Copyright (c) Microsoft Corporation. All rights reserved.  
Licensed under the MIT License.

![Impressions](https://PixelServer20190423114238.azurewebsites.net/api/impressions/MachineLearningNotebooks/how-to-use-azureml/machine-learning-pipelines/intro-to-pipelines/aml-pipelines-with-data-dependency-steps.png)

# Showcasing Dataset and Pipeline Parameter

This notebook demonstrateas the use of [**Dataset**](https://docs.microsoft.com/en-us/python/api/azureml-core/azureml.core.dataset(class)?view=azure-ml-py) and **Pipeline Parameters** in AML Pipeline. You will learn how Dataset and other parameters are submitted to AML Pipelines via **Pipeline Parameters**.

* [How to create a Pipeline with Pipeline Parameter](#index1)
* [How to submit a Pipeline with Pipeline Parameter](#index2)
* [How to submit a Pipeline and change the Pipeline Parameter value from the sdk](#index3)
* [How to submit a Pipeline and change the Pipeline Parameter value using a REST call](#index4)

## Azure Machine Learning and Pipeline SDK-specific imports

In [None]:
from azureml.core import Dataset
from azureml.core.compute import ComputeTarget, AmlCompute

from azureml.pipeline.wrapper import Module, Pipeline, PipelineRun, dsl

# Check core SDK version number
print("SDK version:", azureml.core.VERSION)

## Initialize Workspace

Login to azure with cli and set the default workspace using `az ml folder attach` command.

After this operation, the workspace could be retrived with the `Workspace.from_config()` for SDK usage.

In [None]:
# NOTE: Update the following information with your environment

SUBSCRIPTION_ID = '<your subscription ID>'
WORKSPACE_NAME = '<your workspace name>'
RESOURCE_GROUP_NAME = '<your resource group>'

In [None]:
!az login -o none 
!az account set -s $SUBSCRIPTION_ID 
!az ml folder attach -w $WORKSPACE_NAME -g $RESOURCE_GROUP_NAME 

In [None]:
from azureml.core import Workspace

workspace = Workspace.from_config()

## Retrieve or create an Azure Machine Learning compute target

In [None]:
from azureml.core.compute_target import ComputeTargetException

# Retrieve an already attached Azure Machine Learning Compute.
cluster_name = "cpu-cluster"
try:
    compute_target = ComputeTarget(workspace=workspace, name=cluster_name)
    print('Found existing compute target {}.'.format(cluster_name))
except ComputeTargetException:
    print('Creating a new compute target...')
    compute_config = AmlCompute.provisioning_configuration(vm_size="Standard_D2_v2",
                                                           max_nodes=4)

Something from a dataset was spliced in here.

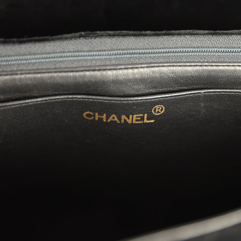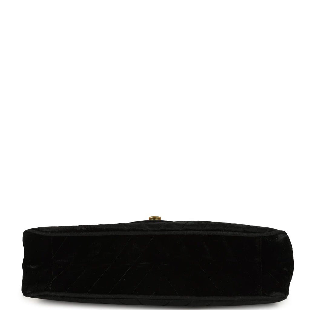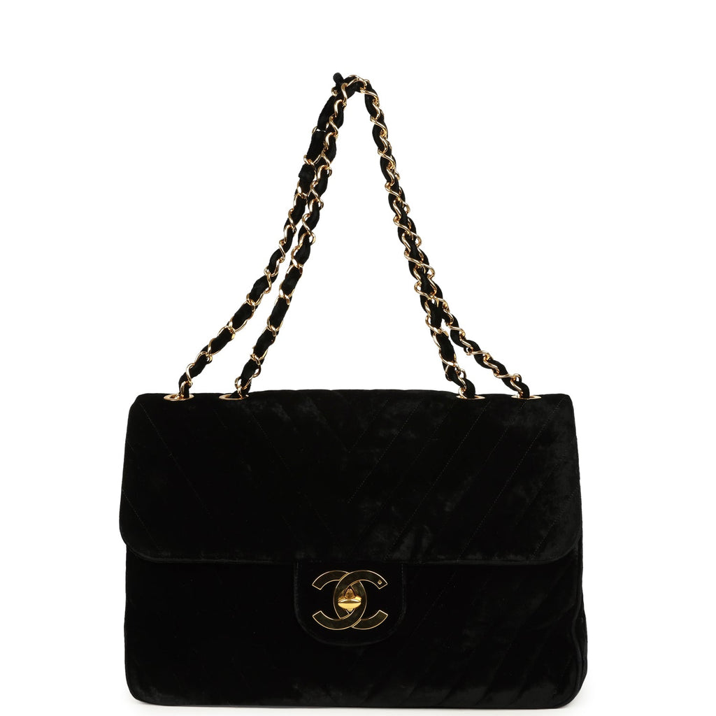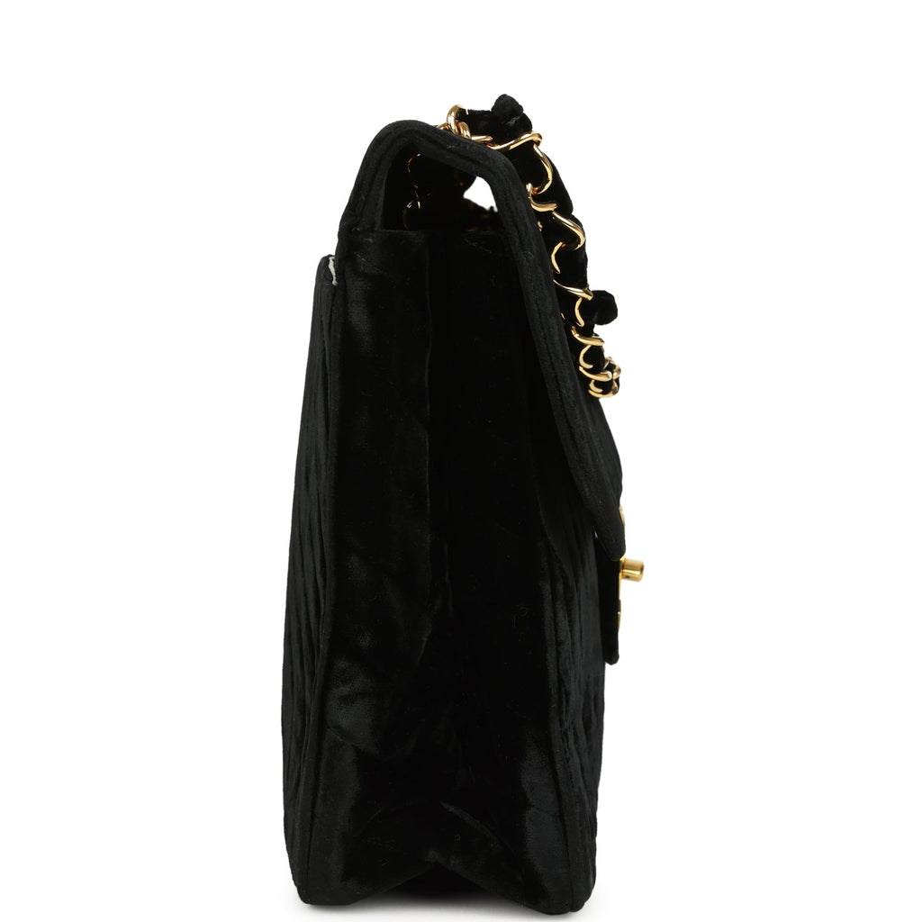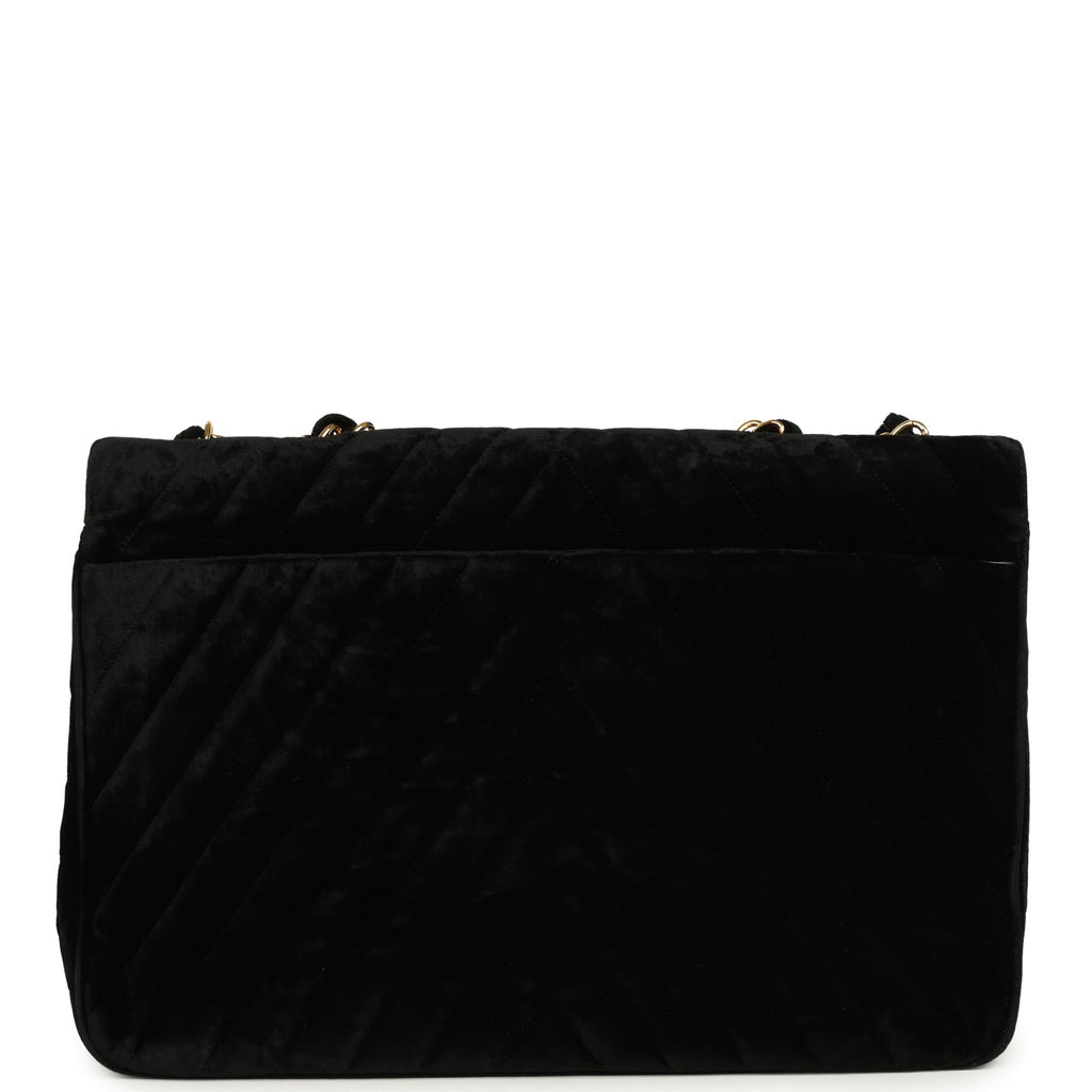 Vintage Chanel XL Classic Chevron Single Flap Bag Black Velvet Gold Hardware

    compute_target = ComputeTarget.create(workspace, cluster_name, compute_config)
    compute_target.wait_for_completion(show_output=True, timeout_in_minutes=20)

print("Azure Machine Learning Compute attached")

## Data and arguments setup 

We use 'titanic-cleaned.csv' file dataset as the sample dataset, use Select Column Module as the sample module to illustrate how a pipeline is created.

In [None]:
# get dataset
dataset_name = 'titanic-cleaned.csv'
titanic_dataset = Dataset.get_by_name(workspace, dataset_name)

# get 'Select Columns in Dataset' module function
select_column_module_func = Module.load(workspace, namespace='azureml', name='Select Columns in Dataset')

# define module parameters
select_columns = "{\"isFilter\":true,\"rules\":[{\"exclude\":false,\"ruleType\":\"AllColumns\"}]}"

# choose a name for the run history container in the workspace.
experiment_name = 'showcasing-Dataset-PipelineParameter'

<a id='index1'></a>

## Create a Pipeline with Pipeline Parameter

Create a module by assigning its parameters directly.

In [None]:
# define a module
select_column_module = select_column_module_func(dataset=titanic_dataset, select_columns=select_columns)

In [None]:
# define a pipeline
pipeline = Pipeline(nodes=[select_column_module],
                    workspace=workspace,
                    name="select-column-sample-pipeline",
                    description="pipeline for Dataset-PipelineParameter sample usage",
                    default_compute_target=cluster_name)

In [None]:
# submit pipeline
pipeline_run = pipeline.submit(experiment_name=experiment_name)
pipeline_run.wait_for_completion()

Create a pipeline using pipeline parameter. In the sample pipeline function below, pipeline parameters are:
* input
* _select_columns

In [None]:
# define a pipeline function
@dsl.pipeline(name='select-column-sample-pipeline',
              description='pipeline for GlobalDataset-PipelineParameter sample usage',
              default_compute_target=cluster_name)
def sample_pipeline(input, _select_columns):
    print('Datatype of input: {}'.format(type(input)))
    print('Datatype of _select_columns: {}'.format(type(_select_columns)))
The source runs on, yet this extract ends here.